Hemifacial spasm (HFS) is characterized by involuntary tonic and/or clonic contractions of facial nerve muscles. Fully endoscopic microvascular decompression (E-MVD) for HFS has not been widely adopted. This paper aims to illustrate the safety and efficacy of the fully endoscopic technique for HFS treatment.

METHODS

The authors conducted a single-center retrospective study of 27 patients (28 separate E-MVD cases; 1 patient had bilateral E-MVD) diagnosed with HFS who underwent fully E-MVD from January 2013 to October 2016. Intraoperative brainstem auditory evoked potentials and lateral spread resolution were reviewed. Outcome was based on the clinical status of the patient at the last contact point with the senior author. Complications were categorized as facial weakness, hearing loss, ataxia, dysphagia, or any adverse event able to be attributed to the surgical procedure.

RESULTS

HFS was relieved either completely or partially in the majority of cases (24 of 28, 85.7%).
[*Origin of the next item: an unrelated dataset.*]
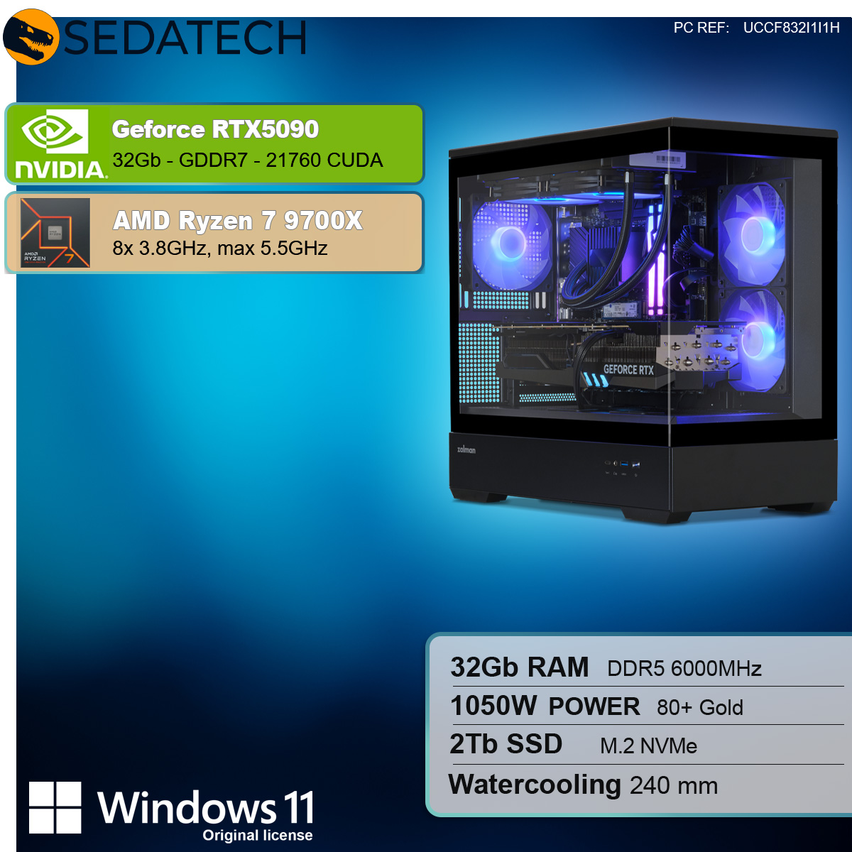 Thanks to the combination of DirectX 12 and the Geforce RTX5090 32Gb graphics card, one of the fastest on the market, and the astonishing 3D power of the AMD Ryzen 7 9700X 8x 3.8GHz (max 5.5GHz) CPU, you will be able to play any online multiplayer video game without graphic limitations, with breathtaking 3D effects and fluidity!

Of the 28 separate procedures, 17 (60.7%) resulted in complete resolution of symptoms, 4 (14.3%) resulted in near-complete resolution, 2 (7.1%) resulted in 50% reduction of symptoms, 1 (3.6%) resulted in minimal reduction, and 4 (14.3%) resulted in no relief. Of the 27 patients, 26 (96%) had no permanent postoperative complications. In multivariate logistic regression, the best predictor of greater than 50% resolution of spasm was resolution of intraoperative lateral spread response.

CONCLUSIONS

A fully E-MVD for HFS provides a safe and comprehensive view of the neurovascular conflict. Exclusive use of the endoscope in MVD is both safe and feasible in the treatment of HFS. Attention to lateral spread response monitoring remains an integral part of comprehensive neurosurgical management.